BookCity, Milano prepara l'edizione 2013

di P. Sereni notizia del 7 febbraio 2013
BookCity 2013 s'ha da fare. Ieri l'assessore alla cultura Stefano Boeri e i rappresentanti del comitato promotore (Fondazione Rizzoli Corriere della Sera, Fondazione Giangiacomo Feltrinelli, Fondazione Arnoldo e Alberto Mondadori e Scuola per Librai Umberto e Elisabetta Mauri) hanno incontrato il mondo editoriale, librario e bibliotecario per cominciare a progettare la prossima edizione che si svolgerà in città il 21-24 novembre prossimo.
Con un giorno in più rispetto alla prima fortunata edizione che fece registrare 80mila visitatori per 350 eventi, che quest'anno raddoppieranno, in 150 sedi della città con la partecipazione di 300 scrittori italiani e stranieri, 158 editori e 300 volontari la festa del libro di Milano continuerà a presentarsi come un evento «diffuso» capace di coinvolgere sedi centrali (il Castello Sforzesco, i palazzi storici, i teatri), periferiche (le biblioteche di quartiere e le librerie) e inconsuete (come la metropolitana, le pasticcerie e le carceri).

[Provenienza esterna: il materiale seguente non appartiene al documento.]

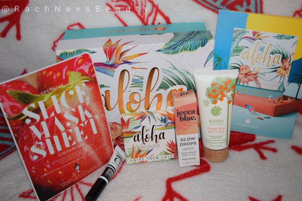 This month, we have a summer themed edition with the Aloha box. This month we have 4 full sized products and a deluxe mini to help you get your perfect sun kissed summer looks.

La prossima edizione vedrà crescere il numero delle sedi e i numerosi i poli tematici (uno in particolare dedicato ai bambini e alle famiglie con iniziative distribuite in tutta la città) mentre i tempi di lavoro più ampi rispetto a quelli dell'edizione zero, consentiranno di limare le criticità emerse nella scorsa edizione che, lo ricordiamo, fu realizzata in appena tre mesi.
Tra le novità è prevista una Via della lettura, che partendo proprio dal Castello si svilupperà come percorso dedicato alla lettura, lungo via Dante (Piccolo Teatro Paolo Grassi), Largo Cordusio, la Loggia dei Mercanti, Piazza Duomo, la Ca’ Granda, la Sormani, il Tribunale per arrivare fino alla Rotonda della Besana. 
BookCity 2013 chiamerà anche a raccolta i gruppi di lettura già attivi in città e susciterà la costituzione di nuovi nuclei, per diffondere l'idea positiva della viralità della lettura.
Particolare attenzione verrà dedicata infine alla mappatura della filiera del libro a Milano, alla collaborazione con le comunità straniere, le scuole e le università, a progetti dedicati di scrittura e lettura nelle carceri.